SENTENCIA CONSTITUCIONAL 0086/2010-R
Tribunal Constitucional Plurinacional de Bolivia

SENTENCIA CONSTITUCIONAL 0086/2010-R

Fecha: 04-May-2010

III.7. Análisis del caso

Del planteamiento del caso concreto, se evidencia que cuando el accionante se apersonó ante el Gobierno Municipal de Sacaba, pretendiendo la adecuación de un predio de su propiedad, al Régimen de Propiedad Urbanizada, que contaba con la Resolución Técnico Administrativa 516/2004, que aprobaba el plano de fraccionamiento, un funcionario municipal le informó que dos meses después de la emisión de dicha Resolución; se había emitido una nueva Resolución Administrativa, la 063/2004, anulando la primera, sin tener presente que conforme al marco jurídico referido, se presume que los actos administrativos del Estado son legales y legítimos y de buena fe. Dicho de otro modo, la Resolución Técnico Administrativa 516/2004 cuenta con la presunción de legitimidad y buena fe del acto administrativo por cuanto está fundada en la razonable suposición de que el acto respondía y se ajustaba a las normas previstas en el ordenamiento jurídico vigente en ese momento; es decir, cuenta con todos los elementos necesarios para producir efectos jurídicos prueba de ello, es el sello de validez estampado en el plano de fraccionamiento; consecuentemente, dicho acto administrativo, es legítimo con relación a la ley y válido respecto a las consecuencias que pueda producir.

En la misma línea, conforme a la normativa señalada, se infiere que el acto administrativo adquirió la calidad de “estable” a partir del día siguiente hábil a su notificación a los interesados, esto significa que la Resolución Técnico Administrativa 516/2004, generó a favor del accionante, derechos subjetivos, pues instruyó la aprobación del plano de fraccionamiento del lote de terreno y por lo tanto consolidó el derecho propietario a favor de la madre del accionante, propiedad que posteriormente pasó a su dominio, al constituirse en heredero forzoso abintestato; por lo mismo, no podía ser anulado, salvo en los casos enumerados expresamente por el art. 51.I del Reglamento a la LAP, que no consigna el motivo de anulación expuesto en la Resolución que anula la aprobación del plano de fraccionamiento. En virtud a lo dispuesto en el parágrafo II del mismo artículo, el acto administrativo individual, como es la emisión de la Resolución, goza la calidad de firmeza en sede administrativa, por lo tanto no le era posible al Gobierno Municipal de Sacaba, anular de oficio sus propios actos en detrimento del accionante, aún cuando se aleguen contradicciones y falta de justificación técnica cometidas por la propia administración, pues la ley, en defensa del particular, ha establecido expresamente los mecanismos que se deben utilizar para anular un acto administrativo; como es la impugnación ante el órgano judicial competente. Esto implica que fuera del procedimiento previsto y los recursos señalados por la ley, un mismo órgano no podrá anular su propio acto administrativo (conocido en la doctrina como acto propio), por cuanto una vez definida una controversia y emitida la resolución, ésta ingresa al tráfico jurídico y por lo tanto ya no está bajo la competencia de la autoridad que la dictó, sino a la comunidad.

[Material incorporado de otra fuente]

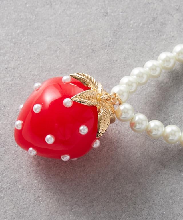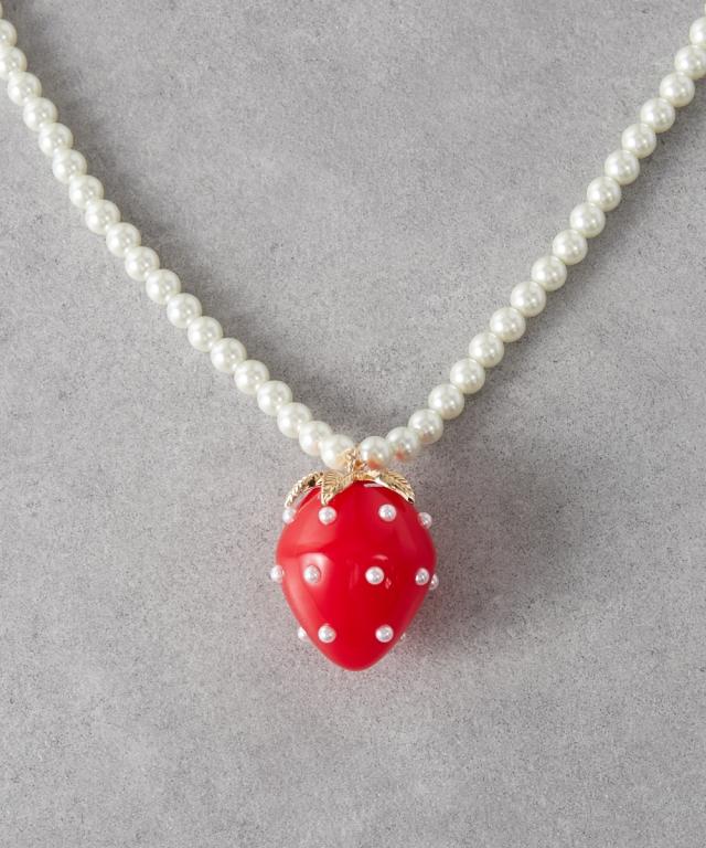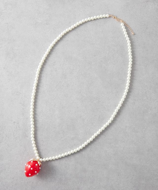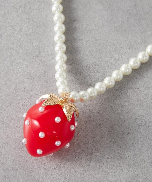 レディース イチゴモチーフ パール調ビーズ ロング ネックレス 長め設計 GEVS. 春 夏 秋 冬 かわいい おしゃれ アクセサリー ニッセン nissen

Por lo tanto, se evidencia que el debido proceso, consagrado en el texto constitucional en una triple dimensión, en los arts. 115.II y 117.I como garantía, en el art. 137 como derecho fundamental y en el art. 180 como principio procesal; y, en los arts. 8 del Pacto de San José de Costa Rica y 14 del Pacto Internacional de Derechos Civiles y Políticos (PIDCP), como derecho humano, ha sido vulnerado por las autoridades codemandadas, al no haber alegado y probado en juicio los argumentos que sustentaron su Resolución anulatoria, dejando sin efecto una Resolución que gozaba de la presunción de legalidad, legitimidad y buena fe; sin brindarle al administrado, la opción a defenderse, haciendo uso de su derecho a la defensa, instituto integrante del debido proceso, consignado de manera autónoma en la Constitución Política del Estado en los arts. 115.II y 119.II, donde de manera expresa precisa que el Estado garantizará el derecho a la defensa al que toda persona tiene como derecho inviolable para demostrar las supuestas irregularidades dentro de un proceso legal y justo.

En consecuencia, las autoridades codemandadas, al haber dictado las RRAA 063/2004, 058/2005 y Resoluciones Municipales 015/2006 y 031/2006, actuaron sin competencia que emane de la ley, en el marco de las normas revisadas. Por lo que el presente caso se encuentra dentro de las previsiones y alcances que brinda el recurso de amparo constitucional y corresponde conceder la tutela solicitada.